▸ SUPPLIED DATA:

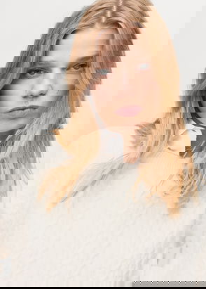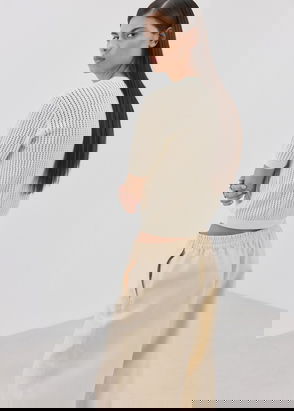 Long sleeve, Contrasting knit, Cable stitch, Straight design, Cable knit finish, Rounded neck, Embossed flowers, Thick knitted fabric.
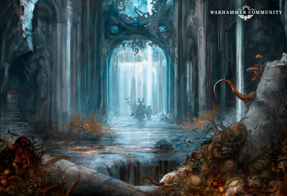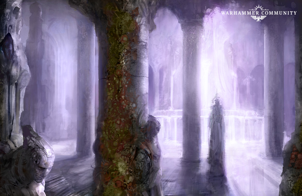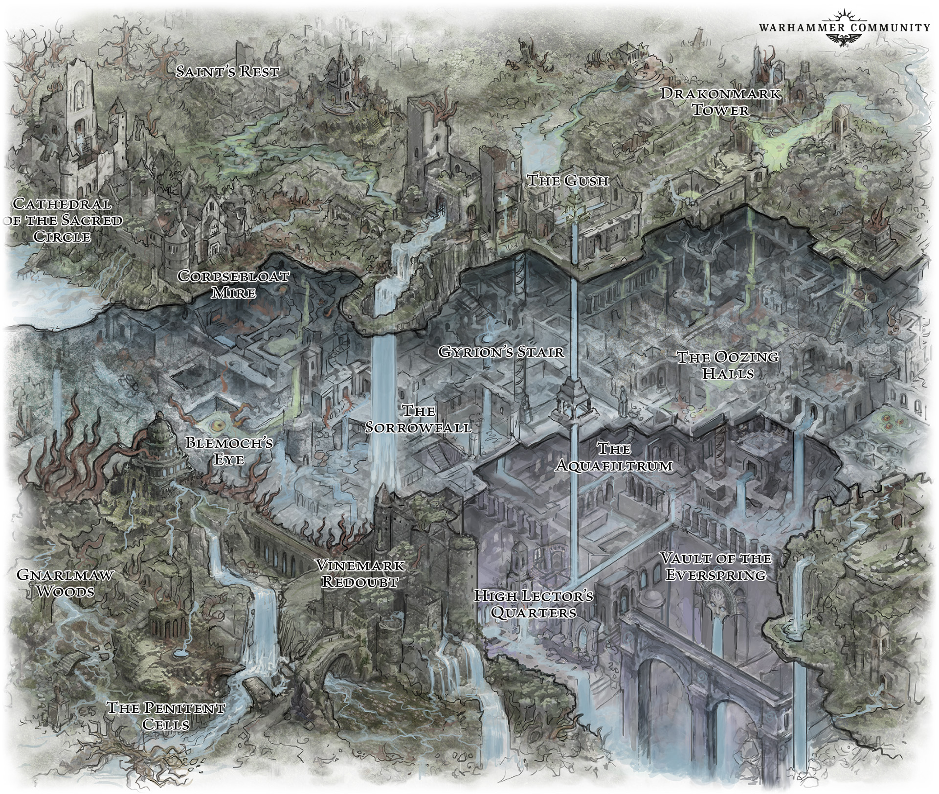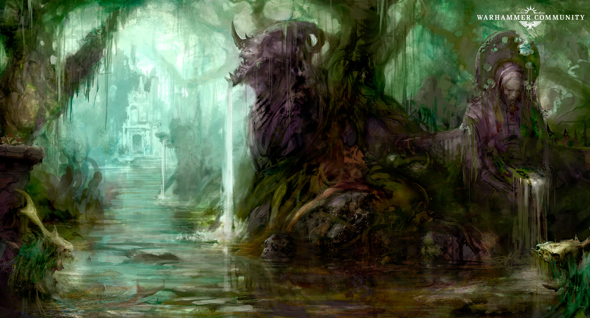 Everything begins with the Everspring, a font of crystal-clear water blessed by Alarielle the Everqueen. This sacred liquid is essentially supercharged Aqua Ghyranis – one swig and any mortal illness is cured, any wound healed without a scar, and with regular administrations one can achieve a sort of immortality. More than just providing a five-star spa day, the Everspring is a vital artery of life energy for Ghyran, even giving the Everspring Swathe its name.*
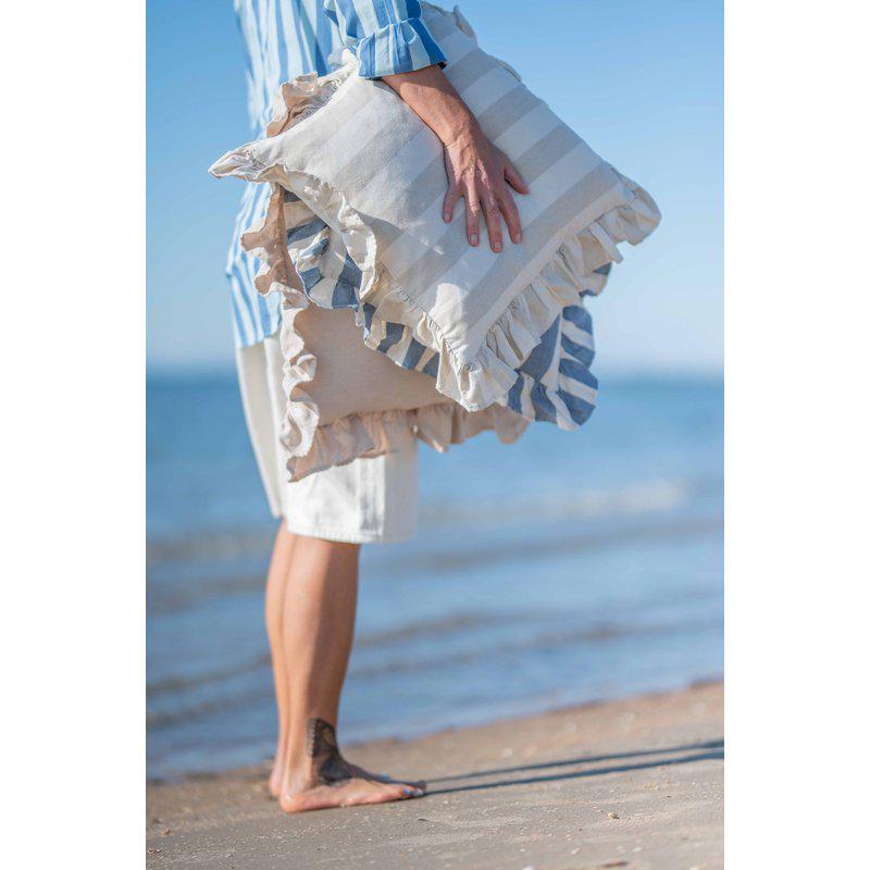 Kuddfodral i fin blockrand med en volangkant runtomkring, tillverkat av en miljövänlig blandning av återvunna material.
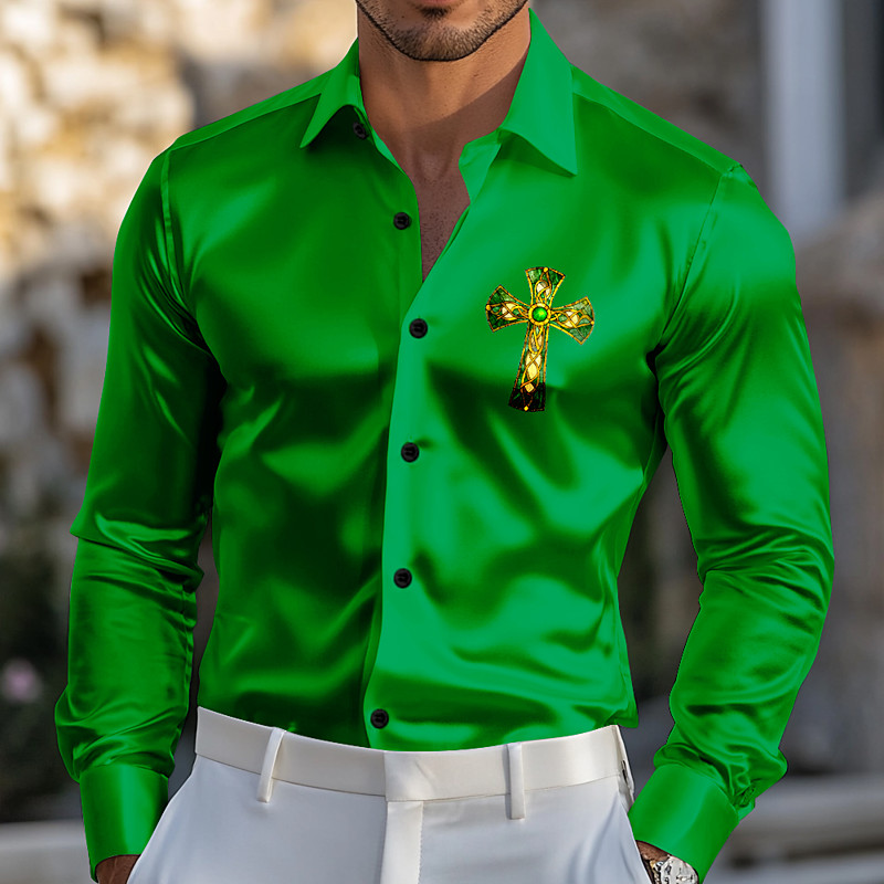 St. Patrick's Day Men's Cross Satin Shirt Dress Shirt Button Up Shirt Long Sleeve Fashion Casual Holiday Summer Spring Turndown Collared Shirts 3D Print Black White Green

▸ ACTION ITEM: Return the whole listing word for word, minus its pictures.

▸ WRITTEN RESPONSE:
 Long sleeve, Contrasting knit, Cable stitch, Straight design, Cable knit finish, Rounded neck, Embossed flowers, Thick knitted fabric.
 Everything begins with the Everspring, a font of crystal-clear water blessed by Alarielle the Everqueen. This sacred liquid is essentially supercharged Aqua Ghyranis – one swig and any mortal illness is cured, any wound healed without a scar, and with regular administrations one can achieve a sort of immortality. More than just providing a five-star spa day, the Everspring is a vital artery of life energy for Ghyran, even giving the Everspring Swathe its name.*
 Kuddfodral i fin blockrand med en volangkant runtomkring, tillverkat av en miljövänlig blandning av återvunna material.
 St. Patrick's Day Men's Cross Satin Shirt Dress Shirt Button Up Shirt Long Sleeve Fashion Casual Holiday Summer Spring Turndown Collared Shirts 3D Print Black White Green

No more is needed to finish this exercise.